Exercise instructions » Although the entries contain pictures, only their words should be duplicated exactly.

Records to process »
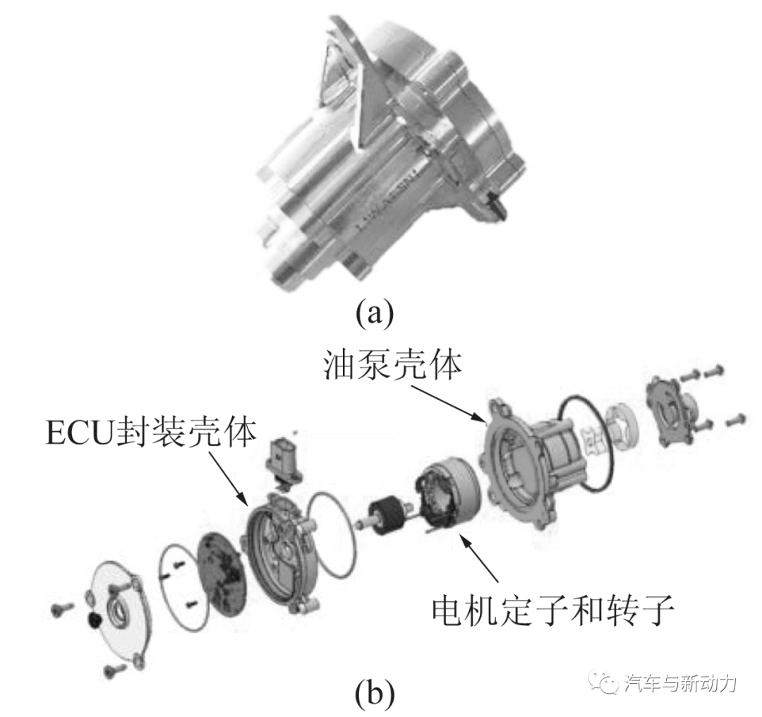 图1 带有集成ECU和电子机油泵的爆炸图(具有内部油道外壳和ECU封装腔)
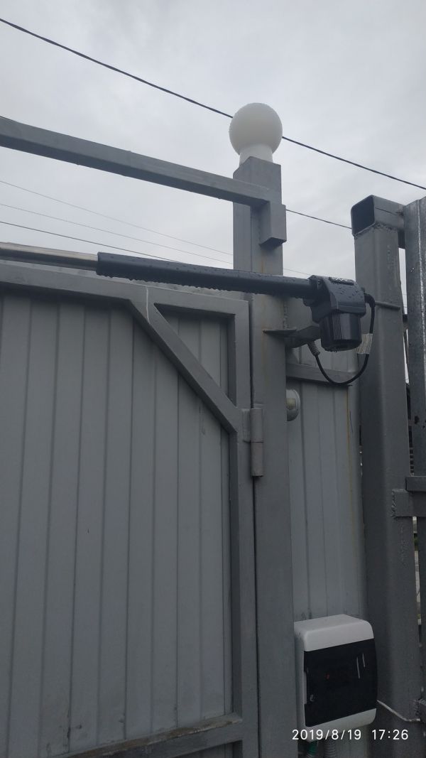 Привода хотел делать посередине створок, но из-за длины рабочего штока пришлось поднимать выше калитки
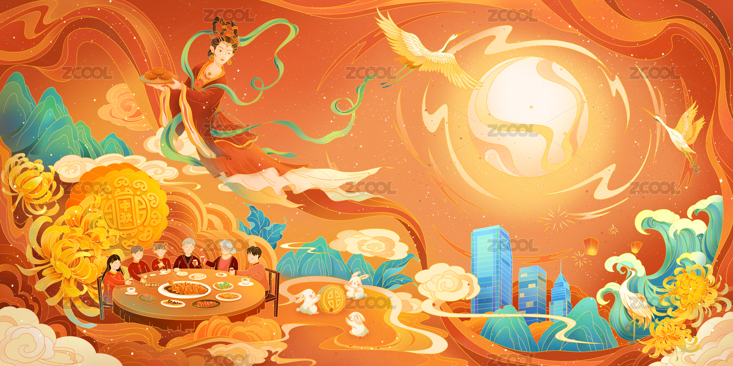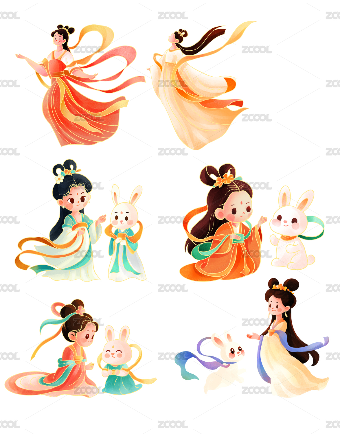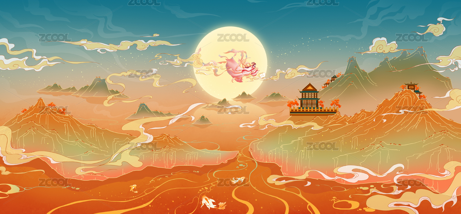 嫦娥/嫦娥奔月/嫦娥插画/嫦娥剪影
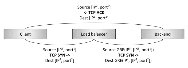 DSR 通常使用通用路由封装(Generic Routing Encapsulation,GRE)来将从负载均衡器发送给后端的 IP 数据包进行封装,而不是使用网络地址转换。因此,当后端收到封装过的数据包后将它解封,然后就知道客户端的原始 IP 地址和 TCP 端口。这就使得后端可以直接向客户端响应了,而不需要经过负载均衡器。
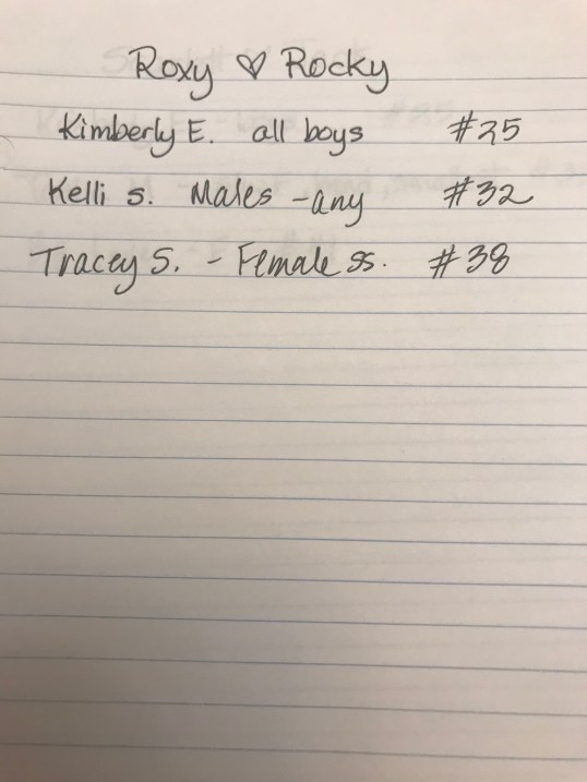 I am also planning to post the Roxy pups. Right now I have 3 pups from Roxy and just two names of people I retested, so we have space for at least one more name!
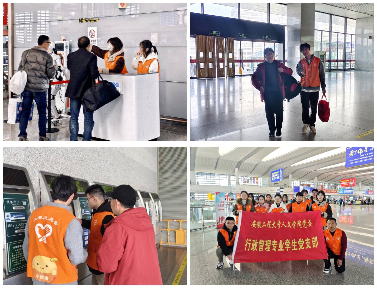 车站志愿显担当。在芜湖火车站,“暖途”青年志愿者服务社联合行政管理专业学生党支部共同开展志愿服务活动。活动中,党员志愿者们主动靠前、热情服务,为往来旅客提供行李搬运、路线咨询、信息解答等便民帮助,用耐心与细心传递温暖与善意。
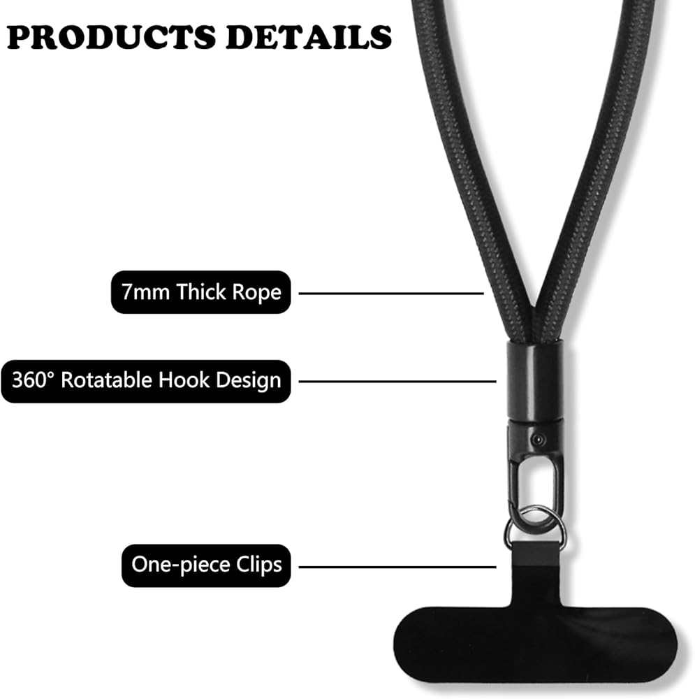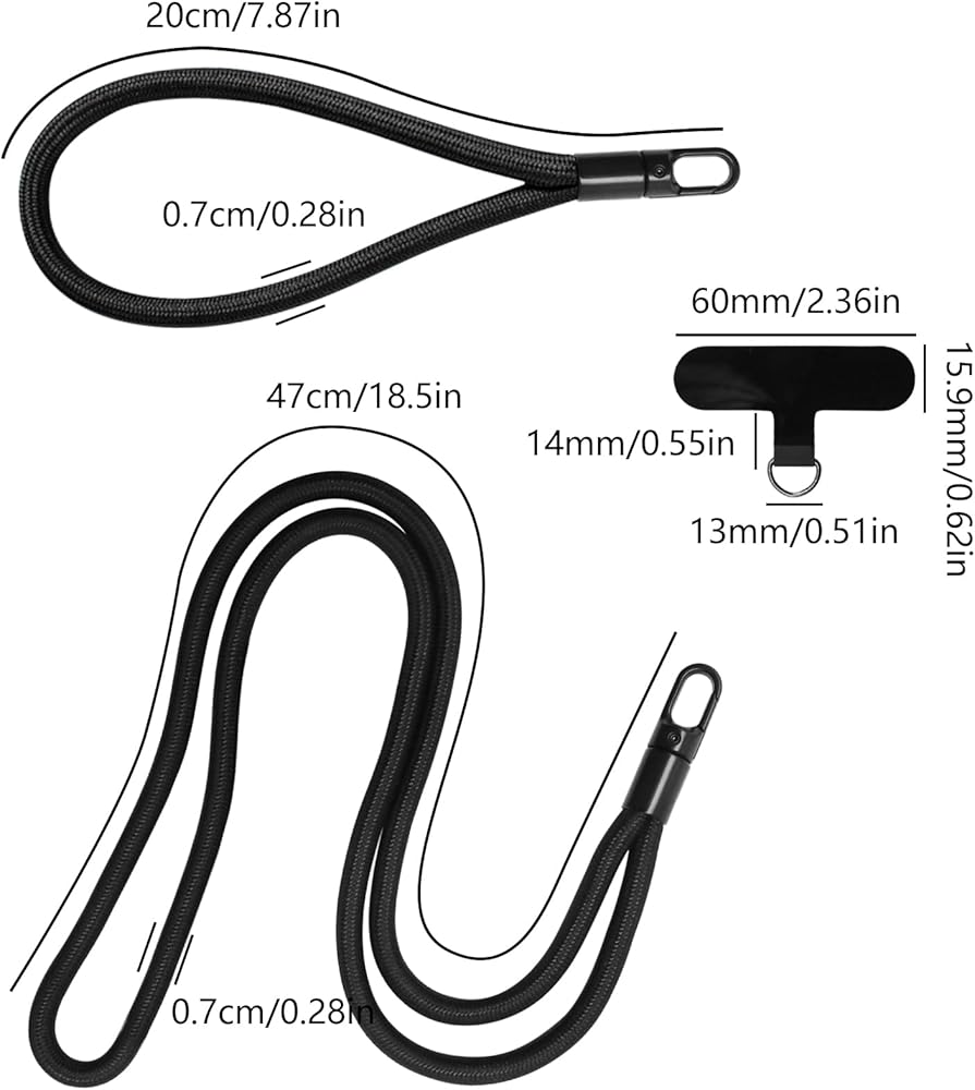 • 【Quality Material】The phone wrist strap is made of great-quality fabric, and the material is very good-quality. There are a total of 2 styles of this set of products, one for the wrist and one for the neck, whether worn on the wrist or on the neck, the fabric is very comfortable and will not make the user feel uncomfortable. The lanyard has a diameter of 7mm, which can withstand a large weight and could protect the phone from theft.
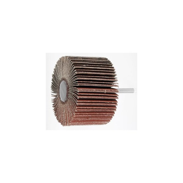 Flap wheel for stainless steel- 80 grit- Head diameterxhead width: 60X30mm. Version: Flap strips bonded on to the shank of the tool. Abrasive strips covered with Aluminum Oxide A. With active abrasive bonding for stainless steels Application: Primarily for finish grinding and polishing tasks on larger radii in tool and mold making- for vessel and machine fabrication. The abrasive strips adapt to the contours of the component. Grinding medium code: A Shank Dia: 6 mm recommended speed: 8000 min-1 maximum speed: 12700 min-1
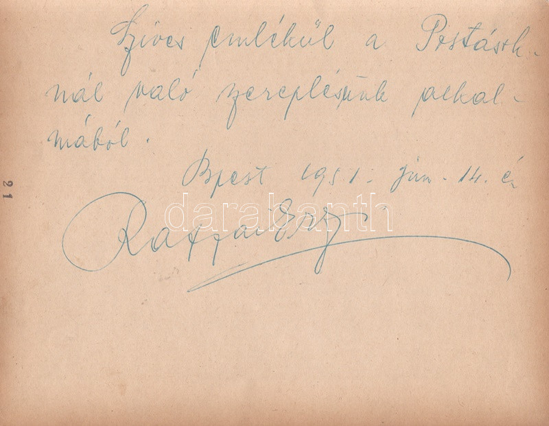 Raffay Erzsi (1913-2006) magyar opera-, operetténekes és színésznő, autográf sorai egy 245x190 mm-es papírlapon: ,,Szíves emlékül a Postásoknál való szereplésünk alkalmából. Bpest, 1951. jún. 14-én, Raffai Erzsi".
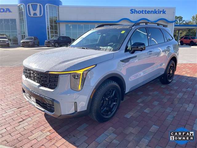 CARFAX One-Owner. 2024 Kia Sorento X-Pro SX Prestige X-Pro SX Prestige Wolf Gray 4D Sport Utility 2.5L I4 DGI Turbocharged DOHC 16V LEV3-SULEV30 281hp 8-Speed DCT AWD This vehicle comes well equipped with 12 Speakers, 3.316 Axle Ratio, 3rd row seats: split-bench, 4-Wheel Disc Brakes, ABS brakes, Air Conditioning, Alloy wheels, AM/FM radio: SiriusXM, Apple CarPlay & Android Auto, Auto High-beam Headlights, Auto-dimming Rear-View mirror, Automatic temperature control, Brake assist, Bumpers: body-color, Carpeted Cargo Mat w/Seatback Protection, Carpeted Floor Mats, Cross Bars X-Line, Delay-off headlights, Driver door bin, Driver vanity mirror, Dual front impact airbags, Dual front side impact airbags, Electronic Stability Control, Emergency communication system: 911 Connect, Exterior Parking Camera Rear, Four wheel independent suspension, Front anti-roll bar, Front Bucket Seats, Front Center Armrest, Front dual zone A/C, Front fog lights, Front reading lights, Fully automatic headlights, Garage door transmitter: HomeLink, Heated & Ventilated Front Bucket Seats, Heated door mirrors, Heated front seats, Heated rear seats, Heated steering wheel, Illuminated entry, Knee airbag, Leather steering wheel, Low tire pressure warning, Memory seat, Navigation System, Occupant sensing airbag, Outside temperature display, Overhead airbag, Overhead console, Panic alarm, Passenger door bin, Passenger vanity mirror, Perforated Genuine Leather Seat Trim, Power door mirrors, Power driver seat, Power Liftgate, Power moonroof, Power passenger seat, Power steering, Power windows, Radio data system, Radio: AM/FM Bose Premium Audio System, Rain sensing wipers, Rear anti-roll bar, Rear reading lights, Rear side impact airbag, Rear window defroster, Rear window wiper, Remote keyless entry, Security system, Smart Key w/ Push Button and Remote Start, Speed control, Speed-sensing steering, Split folding rear seat, Spoiler, Steering wheel mounted audio controls, Tachometer, Telescoping steering wheel, Textured Rear Bumper Applique, Tilt steering wheel, Traction control, Trip computer, Turn signal indicator mirrors, Variably intermittent wipers, Ventilated front seats, and Wheels: 7.0J x 17" Gloss Black X-Pro Alloy.
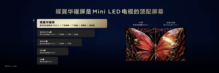 本次供屏第四代液晶电视,TCL华星充分释放了技术积淀,以蝶翼华曜屏赋能旗舰级画质表现。鉴于Mini LED电视依赖于亮度和对比度以提升画质表现,因此配备一块具备高对比度特性的VA屏幕至关重要。此次提供的蝶翼华曜屏,是TCL华星HVA最高配置的屏幕,也是当下最适合Mini LED电视的VA屏。
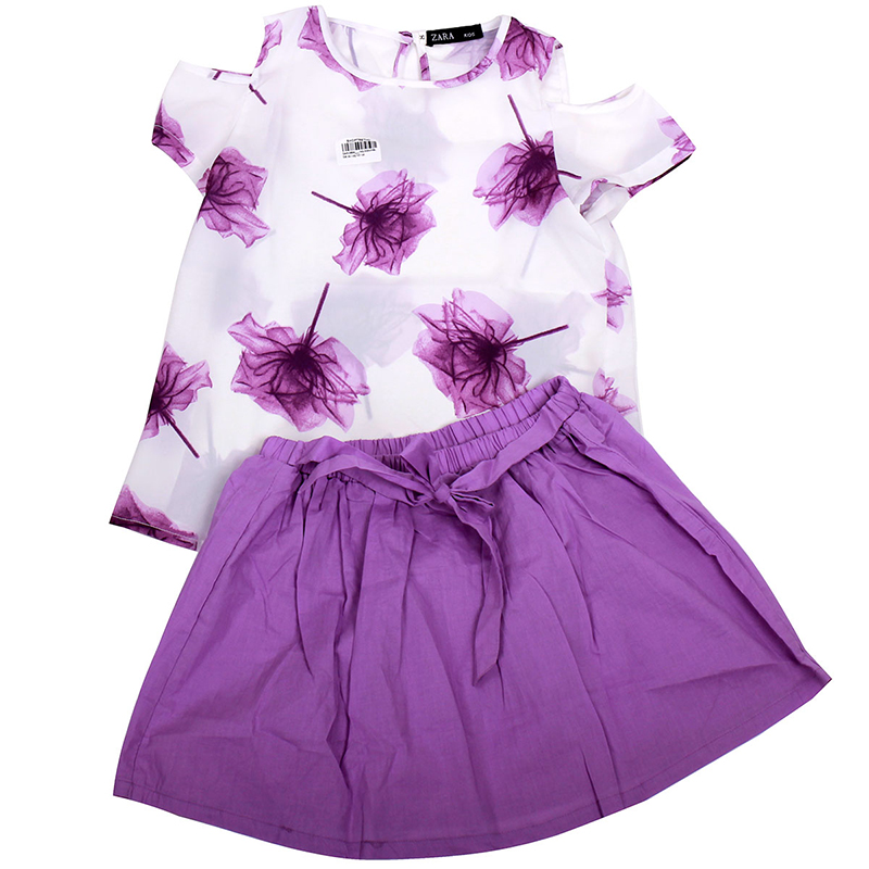 - Set áo váy hở vai cho bé gái có kiểu dáng điệu đà, dễ thương
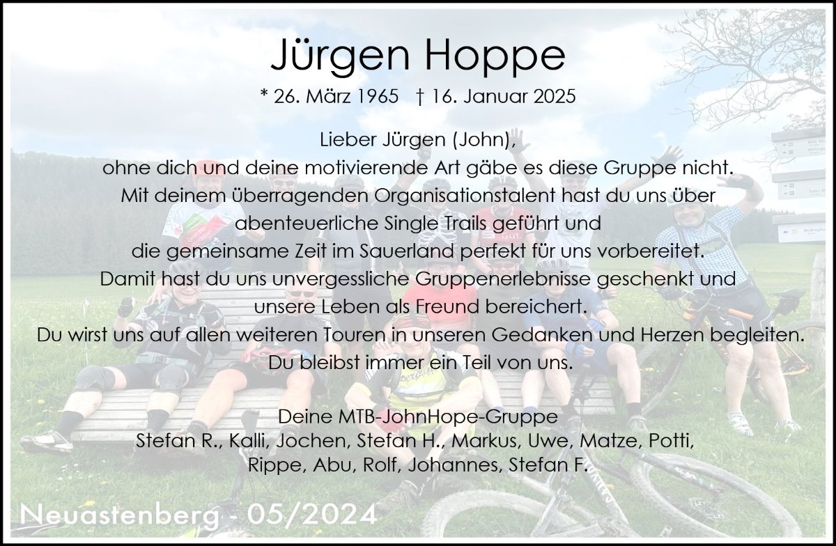 Schöne Erinnerungen an gemeinsame sportliche Touren werden für immer bleiben.
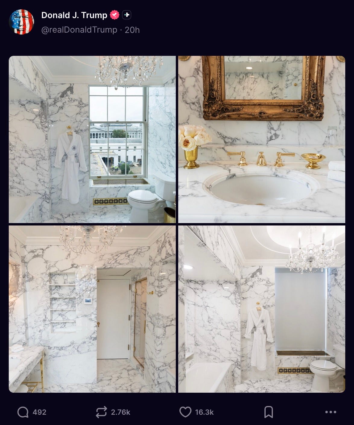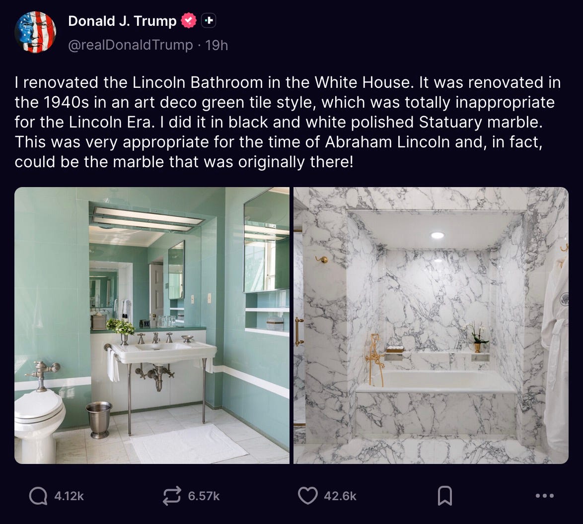 on Friday — while millions of Americans were going without paychecks, wondering how they were going to pay their skyrocketing insurance premiums, and struggling to feed their families — some fucking idiot bragged about having inflicted his terminally vulgar lack of taste onto the White House’s Lincoln Bathroom.
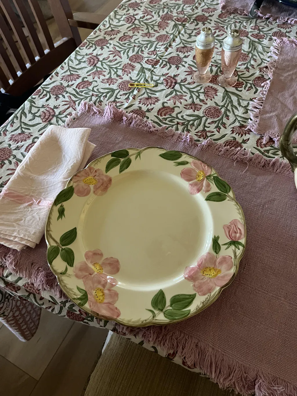 I had a jigsaw puzzle on my table so I just put my tablecloth on today (I finally gave up on that 1,500-piece puzzle). I love the springtime look the cloth gives my dining room!

Written response »
 图1 带有集成ECU和电子机油泵的爆炸图(具有内部油道外壳和ECU封装腔)
 Привода хотел делать посередине створок, но из-за длины рабочего штока пришлось поднимать выше калитки
 嫦娥/嫦娥奔月/嫦娥插画/嫦娥剪影
 DSR 通常使用通用路由封装(Generic Routing Encapsulation,GRE)来将从负载均衡器发送给后端的 IP 数据包进行封装,而不是使用网络地址转换。因此,当后端收到封装过的数据包后将它解封,然后就知道客户端的原始 IP 地址和 TCP 端口。这就使得后端可以直接向客户端响应了,而不需要经过负载均衡器。
 I am also planning to post the Roxy pups. Right now I have 3 pups from Roxy and just two names of people I retested, so we have space for at least one more name!
 车站志愿显担当。在芜湖火车站,“暖途”青年志愿者服务社联合行政管理专业学生党支部共同开展志愿服务活动。活动中,党员志愿者们主动靠前、热情服务,为往来旅客提供行李搬运、路线咨询、信息解答等便民帮助,用耐心与细心传递温暖与善意。
 • 【Quality Material】The phone wrist strap is made of great-quality fabric, and the material is very good-quality. There are a total of 2 styles of this set of products, one for the wrist and one for the neck, whether worn on the wrist or on the neck, the fabric is very comfortable and will not make the user feel uncomfortable. The lanyard has a diameter of 7mm, which can withstand a large weight and could protect the phone from theft.
 Flap wheel for stainless steel- 80 grit- Head diameterxhead width: 60X30mm. Version: Flap strips bonded on to the shank of the tool. Abrasive strips covered with Aluminum Oxide A. With active abrasive bonding for stainless steels Application: Primarily for finish grinding and polishing tasks on larger radii in tool and mold making- for vessel and machine fabrication. The abrasive strips adapt to the contours of the component. Grinding medium code: A Shank Dia: 6 mm recommended speed: 8000 min-1 maximum speed: 12700 min-1
 Raffay Erzsi (1913-2006) magyar opera-, operetténekes és színésznő, autográf sorai egy 245x190 mm-es papírlapon: ,,Szíves emlékül a Postásoknál való szereplésünk alkalmából. Bpest, 1951. jún. 14-én, Raffai Erzsi".
 CARFAX One-Owner. 2024 Kia Sorento X-Pro SX Prestige X-Pro SX Prestige Wolf Gray 4D Sport Utility 2.5L I4 DGI Turbocharged DOHC 16V LEV3-SULEV30 281hp 8-Speed DCT AWD This vehicle comes well equipped with 12 Speakers, 3.316 Axle Ratio, 3rd row seats: split-bench, 4-Wheel Disc Brakes, ABS brakes, Air Conditioning, Alloy wheels, AM/FM radio: SiriusXM, Apple CarPlay & Android Auto, Auto High-beam Headlights, Auto-dimming Rear-View mirror, Automatic temperature control, Brake assist, Bumpers: body-color, Carpeted Cargo Mat w/Seatback Protection, Carpeted Floor Mats, Cross Bars X-Line, Delay-off headlights, Driver door bin, Driver vanity mirror, Dual front impact airbags, Dual front side impact airbags, Electronic Stability Control, Emergency communication system: 911 Connect, Exterior Parking Camera Rear, Four wheel independent suspension, Front anti-roll bar, Front Bucket Seats, Front Center Armrest, Front dual zone A/C, Front fog lights, Front reading lights, Fully automatic headlights, Garage door transmitter: HomeLink, Heated & Ventilated Front Bucket Seats, Heated door mirrors, Heated front seats, Heated rear seats, Heated steering wheel, Illuminated entry, Knee airbag, Leather steering wheel, Low tire pressure warning, Memory seat, Navigation System, Occupant sensing airbag, Outside temperature display, Overhead airbag, Overhead console, Panic alarm, Passenger door bin, Passenger vanity mirror, Perforated Genuine Leather Seat Trim, Power door mirrors, Power driver seat, Power Liftgate, Power moonroof, Power passenger seat, Power steering, Power windows, Radio data system, Radio: AM/FM Bose Premium Audio System, Rain sensing wipers, Rear anti-roll bar, Rear reading lights, Rear side impact airbag, Rear window defroster, Rear window wiper, Remote keyless entry, Security system, Smart Key w/ Push Button and Remote Start, Speed control, Speed-sensing steering, Split folding rear seat, Spoiler, Steering wheel mounted audio controls, Tachometer, Telescoping steering wheel, Textured Rear Bumper Applique, Tilt steering wheel, Traction control, Trip computer, Turn signal indicator mirrors, Variably intermittent wipers, Ventilated front seats, and Wheels: 7.0J x 17" Gloss Black X-Pro Alloy.
 本次供屏第四代液晶电视,TCL华星充分释放了技术积淀,以蝶翼华曜屏赋能旗舰级画质表现。鉴于Mini LED电视依赖于亮度和对比度以提升画质表现,因此配备一块具备高对比度特性的VA屏幕至关重要。此次提供的蝶翼华曜屏,是TCL华星HVA最高配置的屏幕,也是当下最适合Mini LED电视的VA屏。
 - Set áo váy hở vai cho bé gái có kiểu dáng điệu đà, dễ thương
 Schöne Erinnerungen an gemeinsame sportliche Touren werden für immer bleiben.
 on Friday — while millions of Americans were going without paychecks, wondering how they were going to pay their skyrocketing insurance premiums, and struggling to feed their families — some fucking idiot bragged about having inflicted his terminally vulgar lack of taste onto the White House’s Lincoln Bathroom.
 I had a jigsaw puzzle on my table so I just put my tablecloth on today (I finally gave up on that 1,500-piece puzzle). I love the springtime look the cloth gives my dining room!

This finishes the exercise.